从历史经验来看,2013年5月美联储释放Taper信号后,引发了市场剧烈波动,导致美联储不得不推迟Taper时间点至2014年1月。在2013年通缩恐慌后,鲍威尔一直非常注重与市场的沟通,在此次会议纪要中也提到,“委员会在缩减资产购买计划之前,应就其进展情况与市场沟通。”

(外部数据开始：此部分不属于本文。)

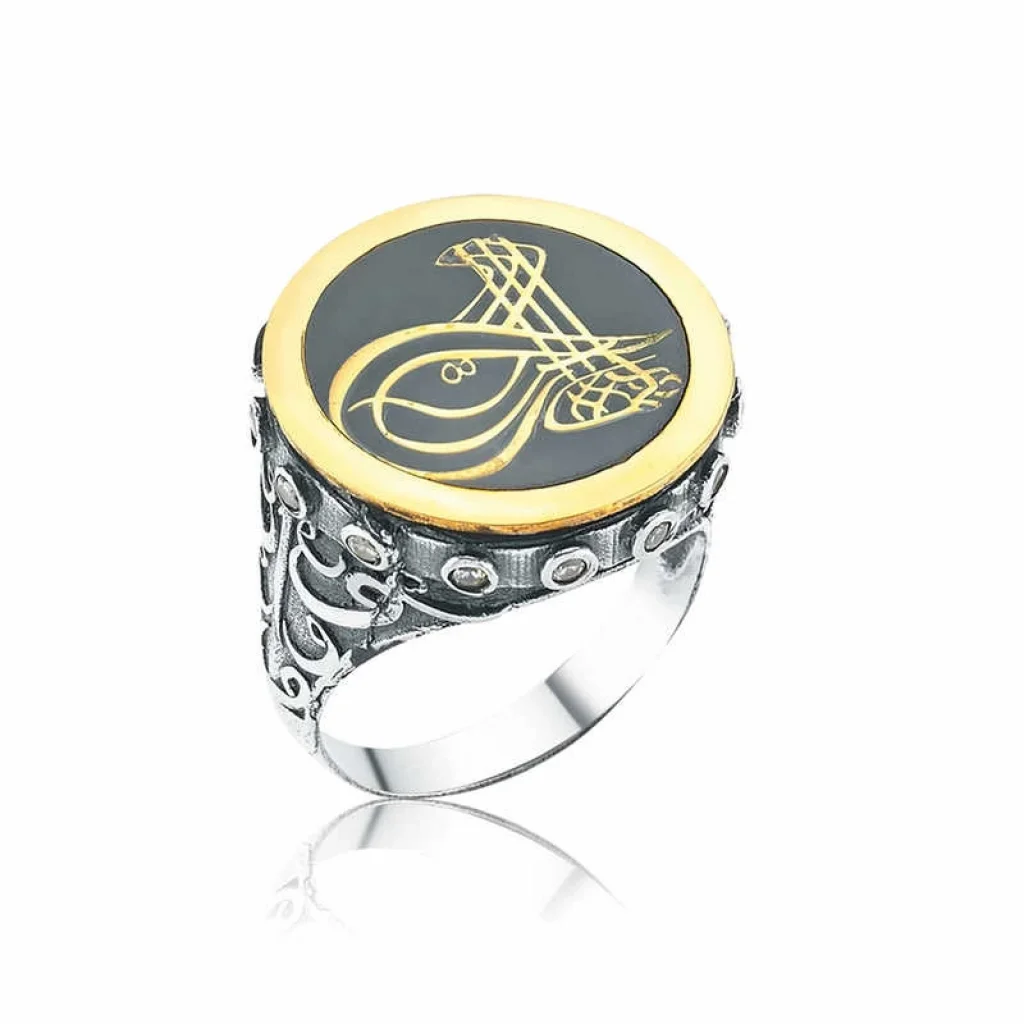 Tuğra, Osmanlı sultanlarının imzası anlamına gelir. Her tuğra; ona ait olan padişahın ismini, varlığını, hükümdarlığını ifade eder. Tuğra sembolü her padişaha göre farklı olmak üzere birçok şekilde günümüze ulaşmıştır. Tuğra Osmanlının her döneminde korunmuş, önemini hiç kaybetmemiştir. Ve zamanla hat sanatımızda da önemli bir yere sahip olup, günümüzde hattatlar tarafından sanatsal olarak yaşatılmaktadır. Bu sanatı yansıtan gümüş yüzüğü severek kullanabilir ve sevdiklerinize hediye edebilirsiniz. Gümüş tuğralı erkek yüzük 925 ayar gümüşten imal edilmiştir. Tuğralı yüzük gümüş üzerine oksit kaplama yapılmıştır.Tüm gümüş erkek yüzüklerde olduğu gibi gümüş tuğralı erkek yüzüğünde tamamı el emeği ile üretilmiştir. Gümüş ve değerli taşlar nedeniyle belirtilen ortalama ürün ağırlığında ± %10 sapma olabilmektedir.
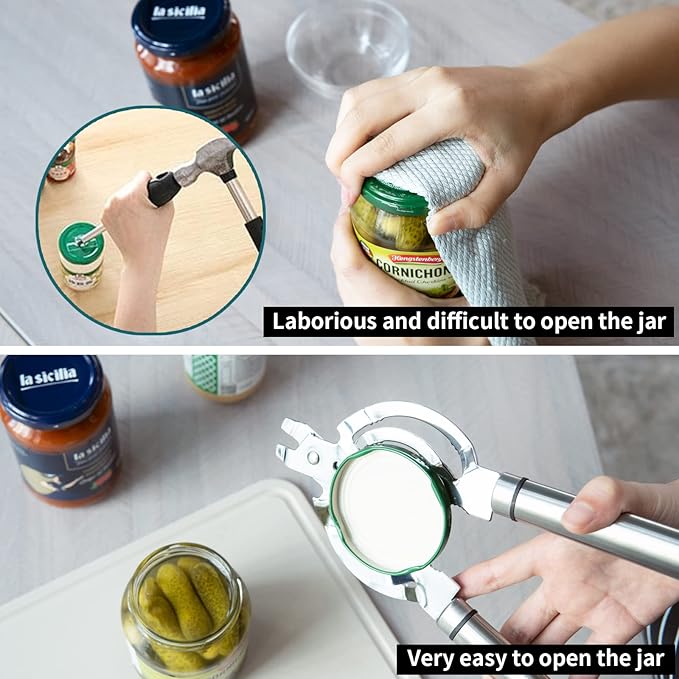 - Sturdy and Safe Material: The jar opener is made of high-quality iron and stainless steel material, which is anti-deformation, anti-rust, high hardness, and safe to touch food

从基本面看,中国经济复苏进入顶部区间,美国经济处于复苏中场,随着中美经济收敛,人民币汇率趋稳。中国方面,从三驾马车看,支撑国内经济在2020年高增长的房地产投资、基建投资、出口均难以持续,消费和制造业投资动力不足,2021年下半年,经济面临放缓压力,但仍有韧性。美国方面,2021年以来美国ISM制造业PMI和新订单指数基本保持在60%以上的高景气区间。需求端受益于拜登刺激计划,美国商品消费创新高,私人投资恢复至疫情前水平,服务消费恢复滞后,但随着疫情好转,经济活动放开,服务消费将快速恢复。

长期,中国经济韧性强、物价稳定、系统性风险得以控制、人民币国际化程度增强,若推动新一轮改革开放,人民币具备长期升值基础。

中国经济潜在增长率稳健发展,人民币资产吸引力提升,人民币汇率具备升值基础。其一,通过对外开放、放开行业管制、降低税负、国企改革、鼓励创新等推动政令畅通的新一轮改革,提高全要素生产率以及人民币资产的吸引力。其二,经过增速换挡,中国经济正处在L型的一横,未来潜在增长率在5%-6%,仍大幅高于美国的2%左右,宏观资产回报率在全球仍然较高。其三,2001-2020年,中国平均通胀仅为2.3%,远低于其他发展中国家,和发达国家相近。未来,稳定的物价水平仍将对人民币构成有效支撑。其四,政府主动化解结构性债务风险和去杠杆等防范化解重大潜在风险点。其五,人民币国际化地位提升,金融市场化程度不断提高,为人民币强势地位提供支撑。